Some of the recent investor withdrawals may have also been influenced by the stringent lockup terms imposed by Mr. Lampert. When ESL raises funds from outside investors, it typically requires them to keep their money with ESL for five years.

In 2007, Goldman Sachs led a $3.5 billion investment in ESL by wealthy individuals and institutions, which included a lockup that expired at the end of 2012. Investors who wanted to keep their money in at that point had to agree to another five-year lockup.

The marquee investors who have withdrawn were reluctant to discuss their rationale.

Ziff Brothers Investments, a family office of three sons of the publishing billionaire William Ziff Jr., began winding down its ESL investment in late 2011 and finished this year, according to a person briefed on the move. A spokesman for Ziff declined to comment.

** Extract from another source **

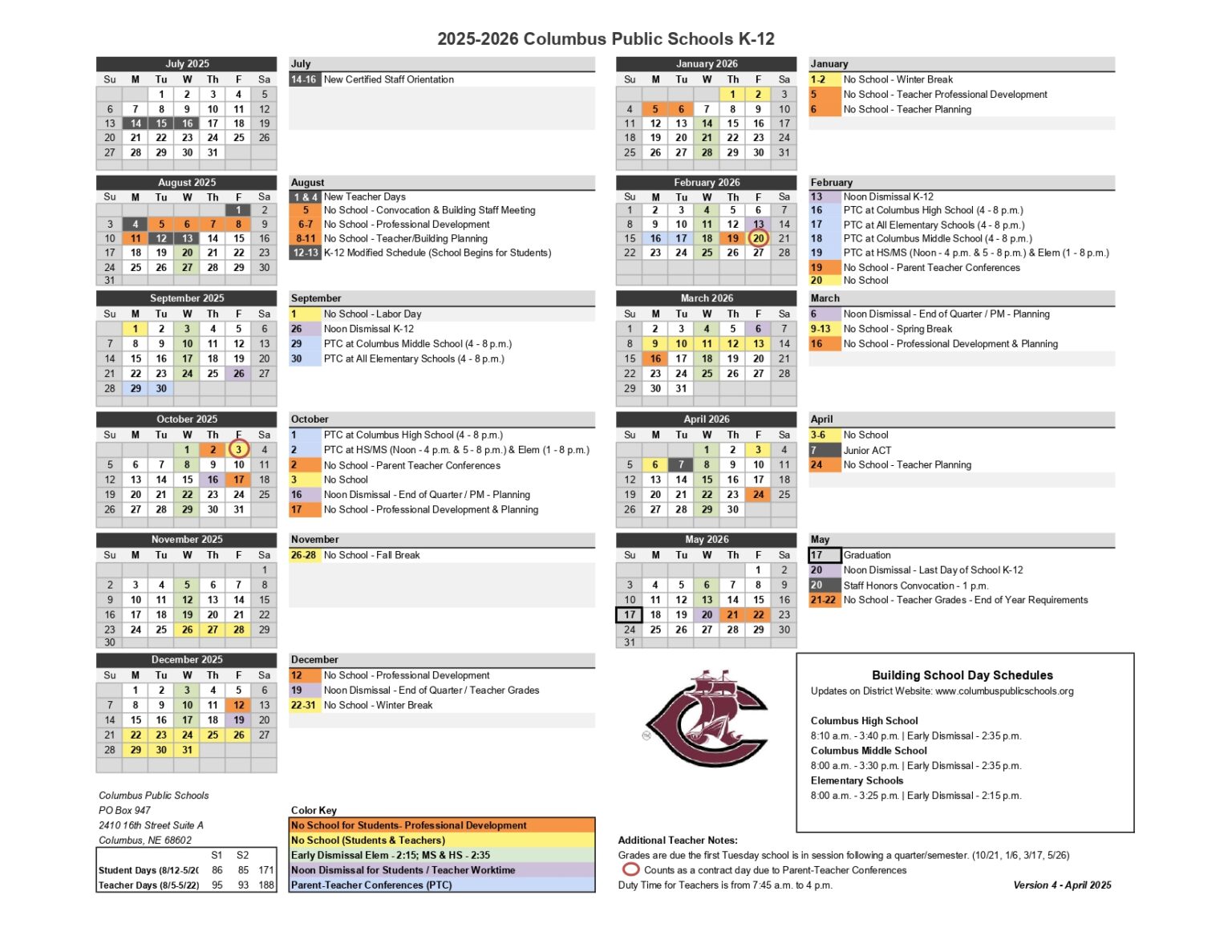 Columbus Public Schools NE Calendar 25 26 Revised pdf EduCounty

Mr. Geffen, who founded three record companies and helped found the film studio DreamWorks SKG and is now retired, told Fortune magazine in 2006 that he had made more money from a $200 million investment with Mr. Lampert in 1992 than he had “from all the businesses I’ve created and sold.”

But in an email last month, he said, “I have not been an investor with ESL since 2007.” He added, “During the many years I was with Eddie he was very successful and his returns were extraordinary.” He declined to discuss why he exited, explaining that Mr. Lampert “is a friend of mine.”